Author(s) K. G. Mazhirina1, 3, M. V. Rezakova2, M. A. Pokrovskiy1, 3, A. A. Savelov2, M. B. Shtark1, 3

Institution(s) 1Research Institute for Molecular Biology and Biophysics, SB RAMS, Novosibirsk, Russia 2Research Instititue "International Tomographic Centre", SB RAMS, Novosibirsk, Russia 3Company "Biofeedback Computer Systems", Novosibirsk, Russia

Article title Central self-regulation mechanisms: fMRI study

Abstract (resume)

Introduction. The brain was mapped on-line using fMRI technology in the process of the development of self-regulation skills, controlled physiological characteristics.

Purpose. In this paper we present the results of the fMRI study of intracerebral dynamics of self-regulation skills development.
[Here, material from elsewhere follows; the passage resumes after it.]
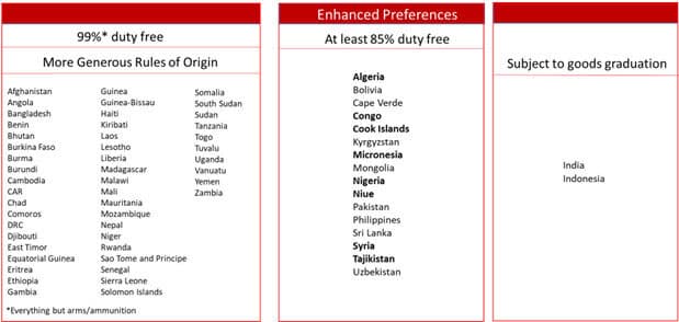 Lower Income Countries and Lower-middle Income Countries (LMICs): Duty-free, quota-free trade on 85% of eligible goods.
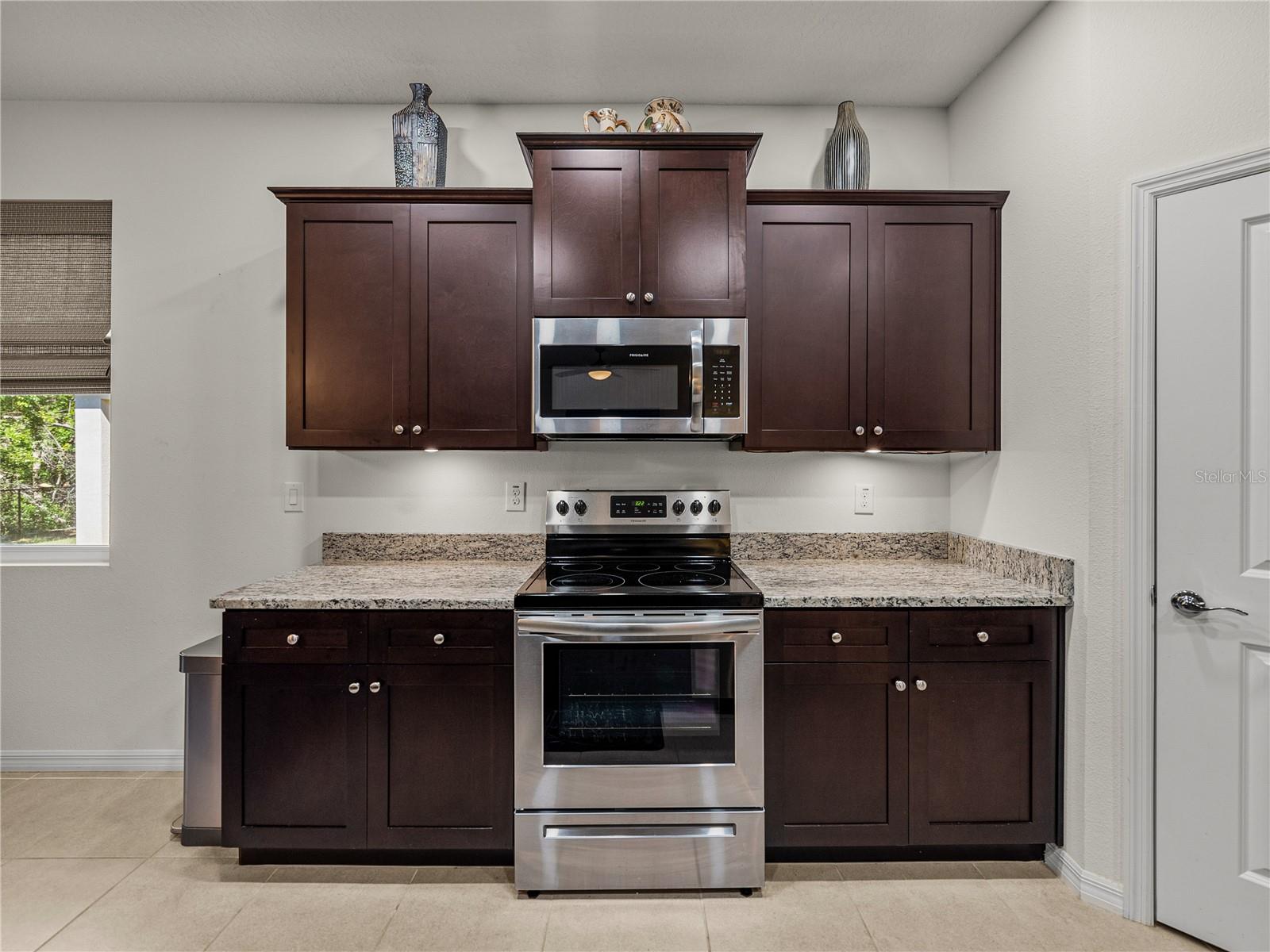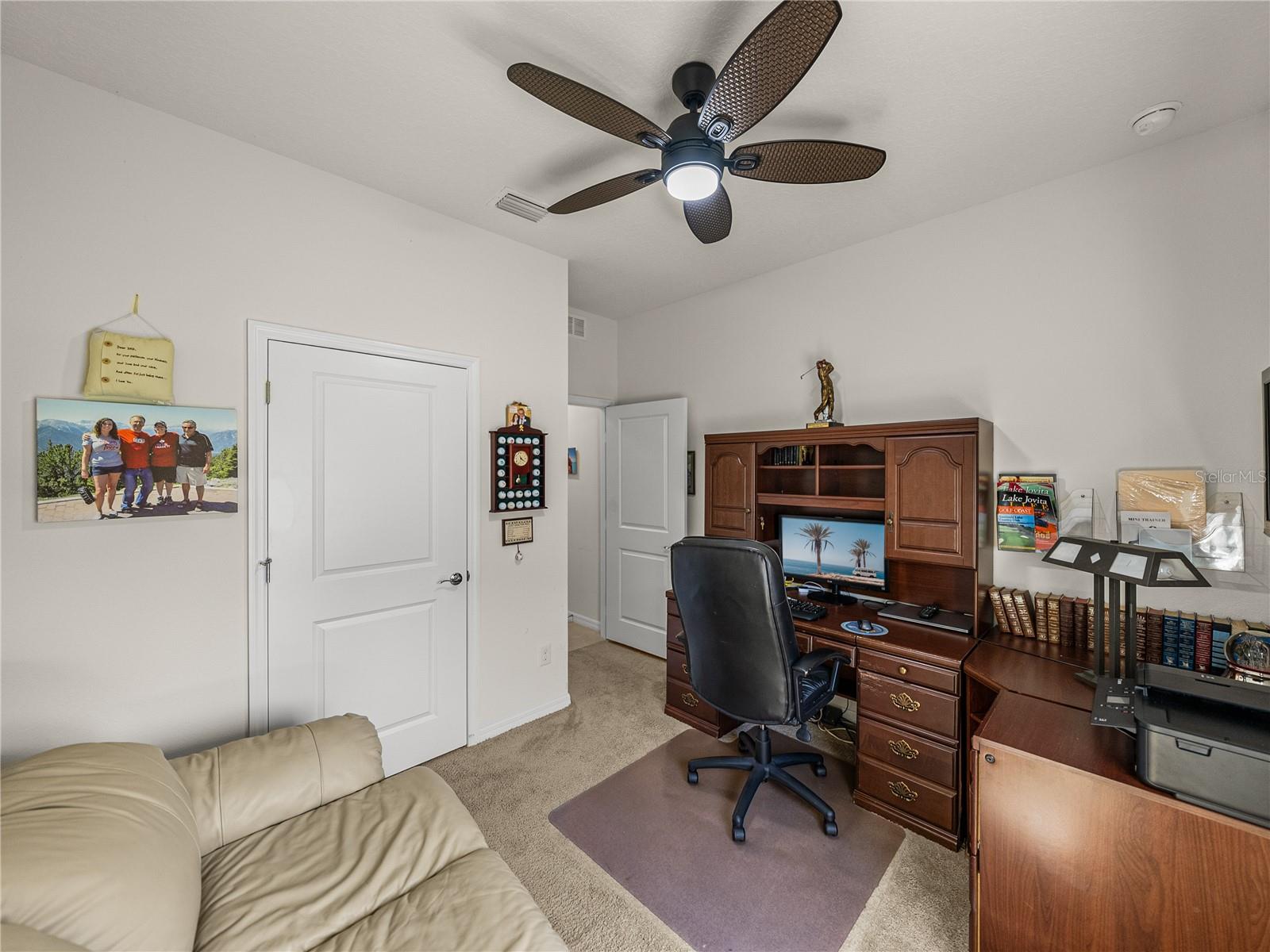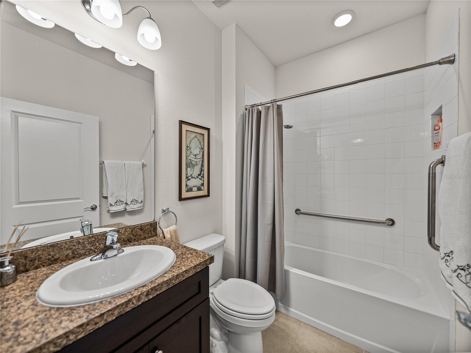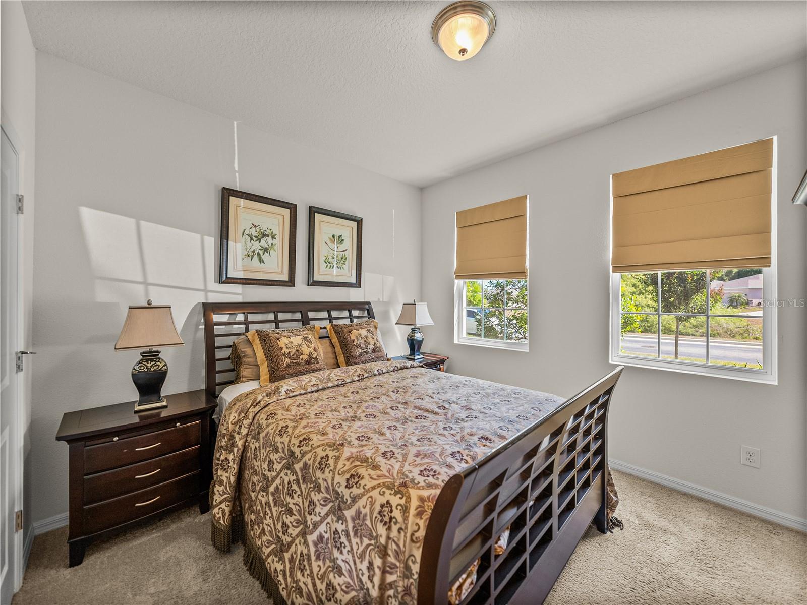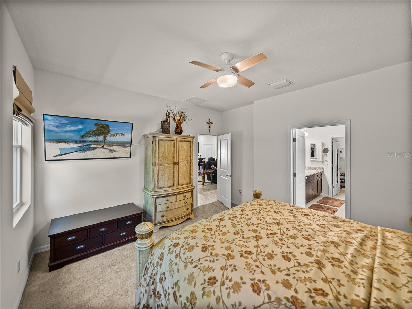 Nestled in Eastpointe, a privately gated section of Lake Jovita, this charming 3 bedroom, 2 bath, 2 car garage home offers a peaceful cul-de-sac setting with a wooded backdrop and no rear neighbors. The beautifully landscaped exterior and covered front entryway provide a welcoming first impression. Inside, an open and inviting floor plan unfolds with streaming natural light and easy-to-maintain tile flooring throughout the main living areas. The spacious living room flows seamlessly into the dining area, centrally located kitchen, and out to the screened lanai through sliding glass doors- creating an effortless space for daily living and entertaining. The kitchen is thoughtfully designed with granite countertops, a central island with breakfast bar seating, recessed lighting, a 4-piece stainless steel appliance package, and generous pantry storage. Nicely tucked away from the secondary bedrooms, the primary suite features carpeting, an ensuite bathroom with dual sinks, separate water closet, and a glass-enclosed walk-in shower.It is nicely outfitted with a spacious walk-in closet. Bedrooms 2 and 3 are split and are situated near the front of the home for added privacy and share the second full bathroom, which includes a tub/shower combo. The laundry room has extra shelving and is conveniently located near the garage and secondary bedrooms. Outdoors, unwind on the covered, screened lanai complete with dual ceiling fans and peaceful views of the lush wooded view beyond. This space is ideal for enjoying your morning coffee or easy evening relaxation. Enjoy the lifestyle, luxury, and security of Lake Jovita, a premier gated community offering two championship golf courses, tennis courts, a fitness center, scenic walking trails, a vibrant clubhouse, pickleball courts, a playground, a dog park, and more! Schedule your private showing today!

Results and discussion. The dynamics of new neural networks leave a trail of activity zones in the Middle Occipital Gyrus, Middle Temporal Gyrus, Middle Frontal Gyrus, Inferior Parietal Lobule and Declive, that are functionally related to cognitive actions and operations. We discuss the qualitative characteristics of the real and the imitation game periods. If one attempts to make a temporal "road map" of the real cognitive control of a virtual competitive game, the sequence of brain structures involvement is as follows: initially the extensive cortical fields are involved, then the area of the cuneus and the precuneus, and only after that the cognitive route reaches the cerebellum.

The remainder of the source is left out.